Kubica, que sofreu um acidente violento no Canadá, no ano passado, e questionou a forma como Hamilton dirigiu em Monza, em setembro, explicou sua opinião na quinta-feira.

"Quando um piloto está ultrapassando um outro e cruza a trajetória bem na frente das rodas, isso é muito perigoso, especialmente se alguém que vem atrás acaba sendo atirado para cima", afirmou em uma entrevista coletiva.

"Eu já me envolvi em um acidente desse tipo no Canadá e eu sei o que acontece quando a roda da frente atinge a roda de trás de um outro carro. E, do meu ponto de vista, isso é muito perigoso."

"Quero dizer apenas isto: enquanto nada de errado acontecer, tudo estará bem. Mas, se alguma coisa acontecer, então todo mundo perceberá o que estou dizendo. É isso."

Hamilton, que não conseguiu marcar pontos em Fuji, lidera a classificação individual, cinco pontos à frente do brasileiro Felipe Massa, da Ferrari. Faltam duas corridas para terminar o campeonato.

Hamilton pode até ser campeão domingo, mas emocionalmente Massa está na frente


por Livio Oricchio

Lewis Hamilton acusou o golpe nas duas vezes em que se viu envolvido na disputa do título: ano passado, em Interlagos, perdeu a posição depois da largada para Fernando Alonso, seu companheiro de McLaren, e na tentativa de ganhar a colocação de novo seguiu reto no Lago.

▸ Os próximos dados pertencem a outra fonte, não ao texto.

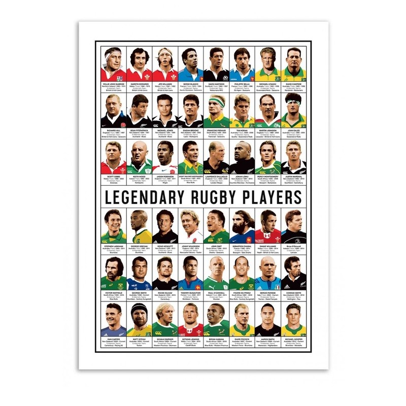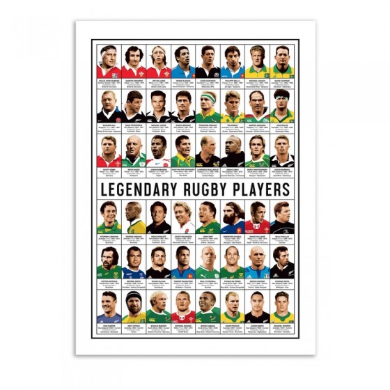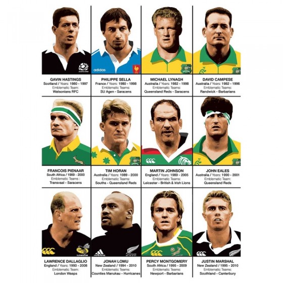 Sur une seule affiche, retrouvez 80 portraits de rugbymans qui ont marqué l'Histoire du sport des années 50 à nos jours! Affiche au format 50x70cm imprimée sur papier couché mat 200g en haute définition. Livré dans un tube sous protection et sans cadre.
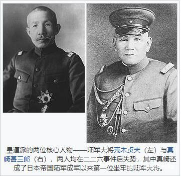 “皇道派”強調日本文化的重要性,主張精神面超越物質面,並認為對蘇聯展開進攻極具必要性,是“徵俄派”;而“統制派”則受到德國總參謀部思想的強烈影響,看重由中央來計畫經濟與軍事的作法(即總體戰理論)、技術面的現代化與機械化,並主張朝中國擴張,是“徵華派”。皇道派於荒木在1931至1934年間擔任陸軍大臣期間掌握了大部分重要職缺,然而在該人下野後,其成員位置又多由統制派軍人所替補。
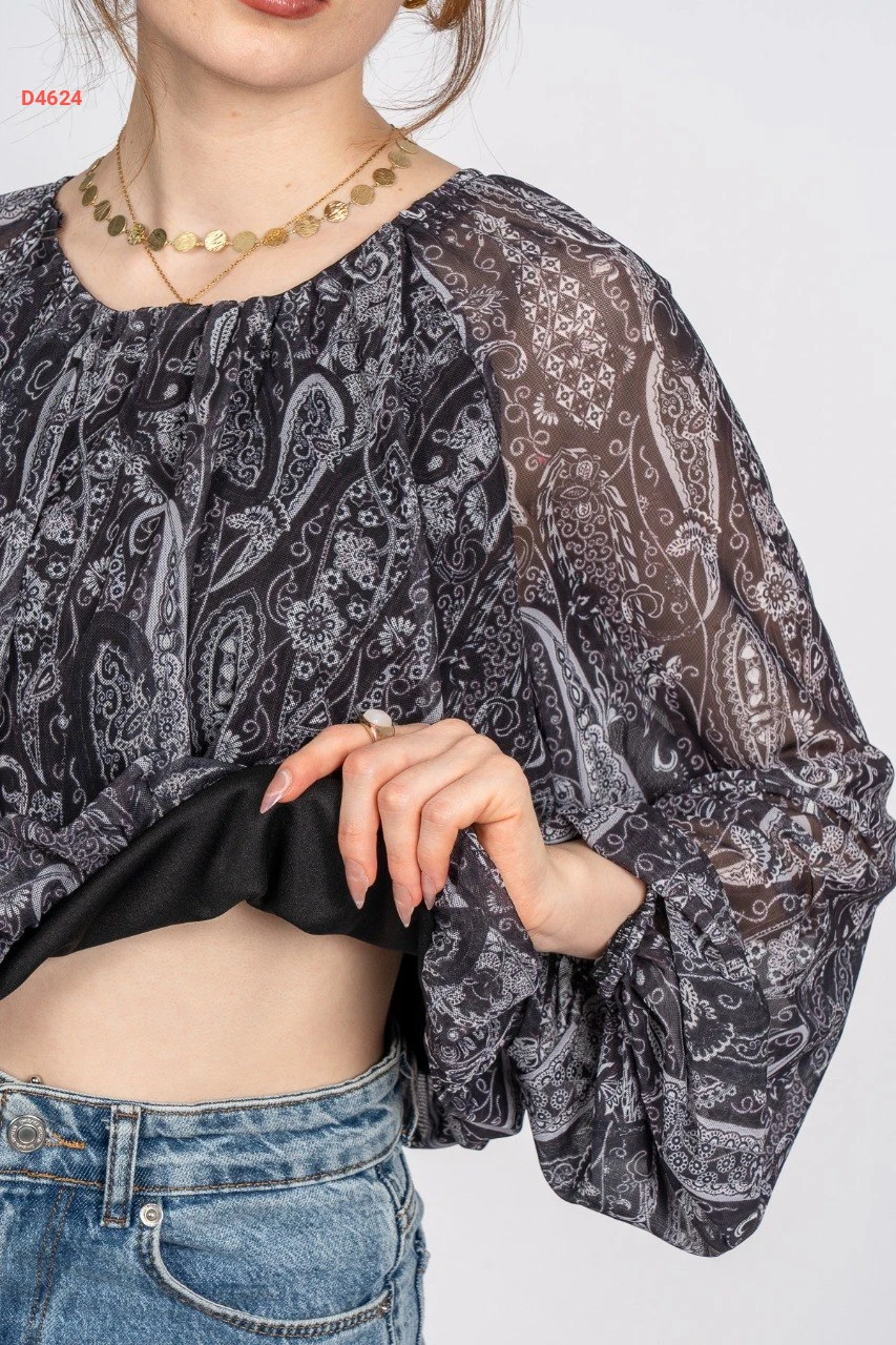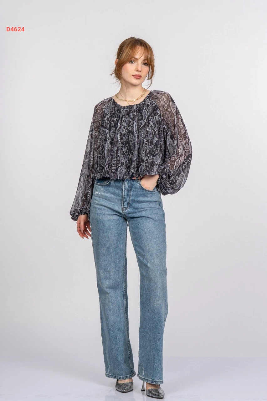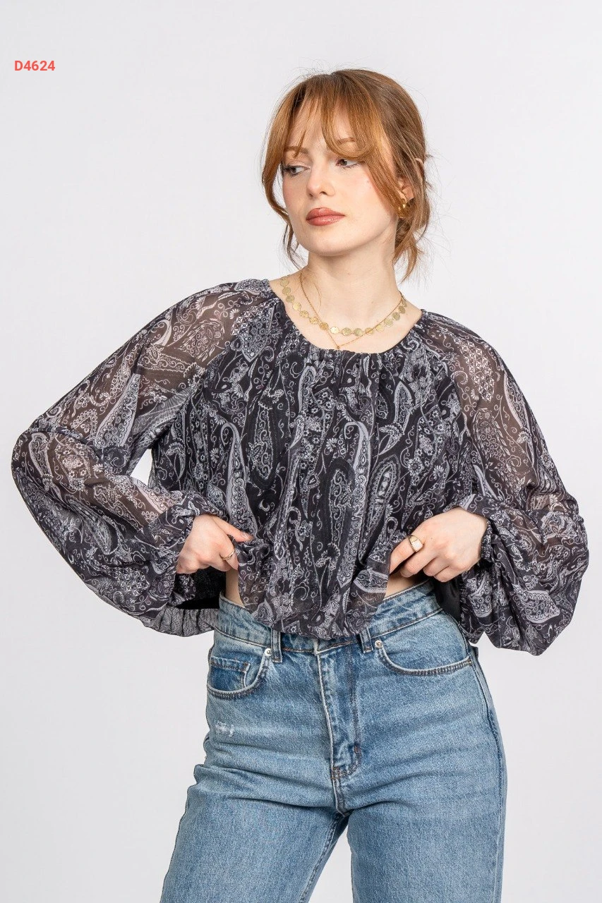 بلوزة كم طويل شيفون معرقة

Kimi Raikkonen começou a ser campeão nesse momento. Domingo, no GP do Japão, novamente na condição de concorrer direto pelo campeonato, Hamilton demonstrou mais descontrole emocional. Ao ser ultrapassado por Kimi Raikkonen, no início da corrida, tentou frear tão tarde no fim da reta que não fez a curva 1 e criou enorme confusão. Ontem não gostou de ser lembrado do seu histórico de equívocos nos momentos de tensão.

“Em primeiro lugar, no Brasil, ano passado, eu não tentei ultrapassá-lo (Fernando Alonso) e cometi um erro. Fernando estava do lado de fora (Reta Oposta), freou antes e para evitar bater nele fui obrigado a sair da pista, portanto não era uma tentativa de ganhar novamente a posição”, explicou Hamilton, visivelmente irritado. A respeito do ocorrido no circuito de Fuji, domingo, quando não marcou pontos apesar de largar na pole position, disse: “Foi uma manobra de corrida e não deu certo, automobilismo é isso, o que se pode fazer?”

A perda do título em 2007 e estar seguindo, agora, o que sugere ser o mesmo caminho não geram nenhuma preparação especial no piloto da McLaren. “Não planejo mudar minha forma de encarar as corridas, não vejo necessidade disso”, afirma Hamilton. “Um desempenho tão ruim como o último faz com que o deixemos para trás, sinto-me forte como sempre”, falou. “Temos ainda duas etapas pela frente, estou com cinco pontos de vantagem (84 a 79), disponho ainda de grande oportunidade para o próximo passo (ser campeão).”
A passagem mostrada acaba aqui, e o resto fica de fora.